Measured as per the illustration, reproduced from Newson (2000), Great Cormorants with a gular pouch angle of less than 65 degrees are P.c.carbo (A), while those greater than 76 degrees are P.c.sinensis (B). Individuals with a gular pouch angle of 66-75 degrees (which account for around 10% of birds studied in the hand) cannot be reliably identified, perhaps because they are hybrids. It appears that the gular pouch angle is smallest (c.45 degrees) in P.c.carbo birds at the northern edge of the range, in Greenland, and greatest (c.110 degrees) in P.c.sinensis at the eastern end of the range, in China. British birders, at the southern end of P.c.carbo and the western end of P.c.sinensis, thus have a unique identification challenge!

Field identification
Of course, field conditions are very different to measuring the gular pouch in the laboratory (on dead birds!), so even observers with considerable experience of this feature find it difficult to determine the subspecies of every individual. Great Cormorants spend a great deal of time perched, so there are plenty of opportunities to assess the gular pouch, but it usually takes a while before an individual bird holds its head at 90 degrees to its body and in good profile to the observer.
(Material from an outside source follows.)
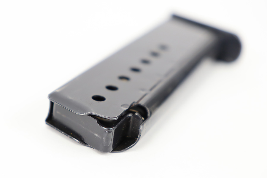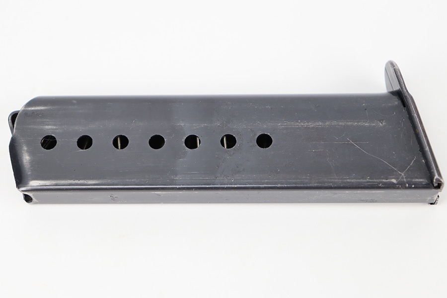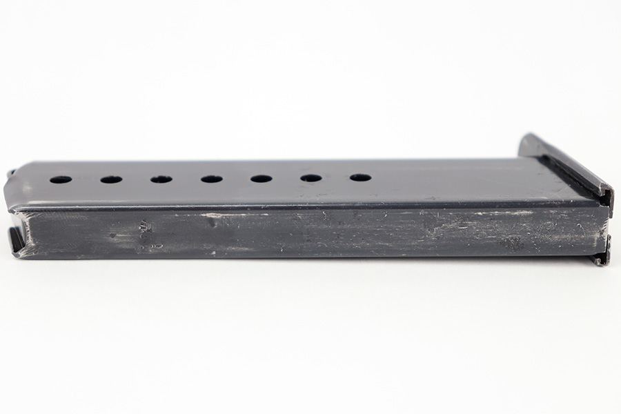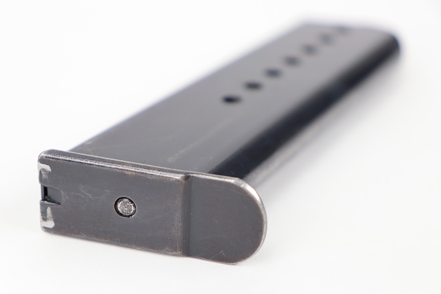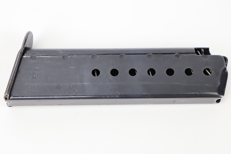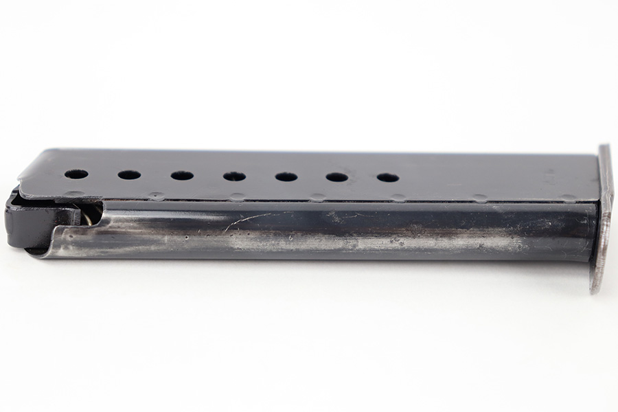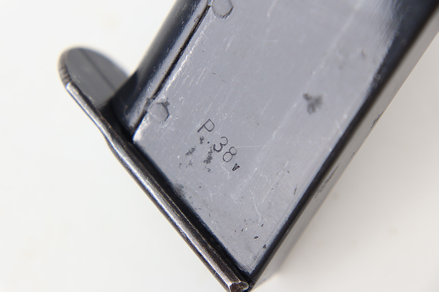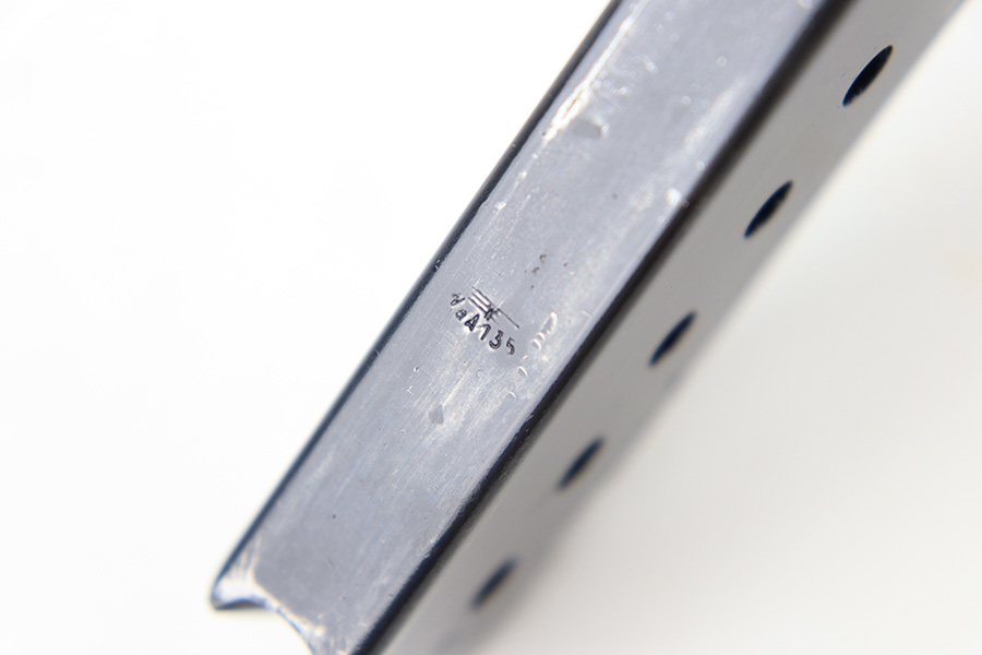 12/18/23 – This is an original, later wartime production Mauser P.38 magazine. The magazine is stamped with a waffen WaA135 proof on the spine, and a P.38v stamp on the left side of the tube. Most of the original finish is intact with some light surface speckling and areas of patina throughout. Strong, functional spring.

Having spent many hours watching Great Cormorants through a telescope at Paxton Pits, where both subspecies are known to occur regularly, I would suggest that, unless supported by colour-ring data, records of P.c.sinensis in Britain are unreliable on the basis of field sighting alone unless the gular pouch is at the ‘extreme’ end of the range (i.e. 90 degrees or greater).

References
Debout, G. 1989. Influence of foraging range on demographic evolution in the Normandy cliff-breeding cormorants, Phalacrocorax carbo. In: M.R. van Eerden and Zijlstra (Eds). Proc. workshop 1989 on cormorants Phalacrocrax carbo: 97-100, Rijkswaterstaat Directorate Flevoland, Lelystad.

Goostrey, A., Carss, D.N., Noble, L.R., & Piertney, S.B. 1997. Population introgression and differentiation in the great cormorant Phalacrocorax carbo in Europe. Molecular Ecology 7: 329-338.

Marion, L. 1983. Problémes biogéographiques, écologiques et taxonomiques posés par le grand cormoran (Phalacrocorax carbo). Revue d’Ecologie (La Terre et la Vie) 38: 65-99.

Marion, L. 1991. The biogeographical problem of the cormorant in relation to its breeding and wintering status in France. In: M.R. van Eerden and M. Zijlstra (eds), Proc. 1989 workshop on cormorants, pp.83-96. Lelystad.

Newson, S.E. 2000. Colonisation and range expansion of inland breeding Great Cormorants Phalacrocorax carbo in England. PhD thesis, University of Bristol.

Sellers, R.M. 1993. Racial identity of cormorants Phalacrocorax carbo breeding at the Abberton reservoir colony, Essex. Seabird 15: 45-52.

Winney, B.J. 1998. Cormorant population genetics and Turaco phylogenetics. PhD thesis, University of Nottingham.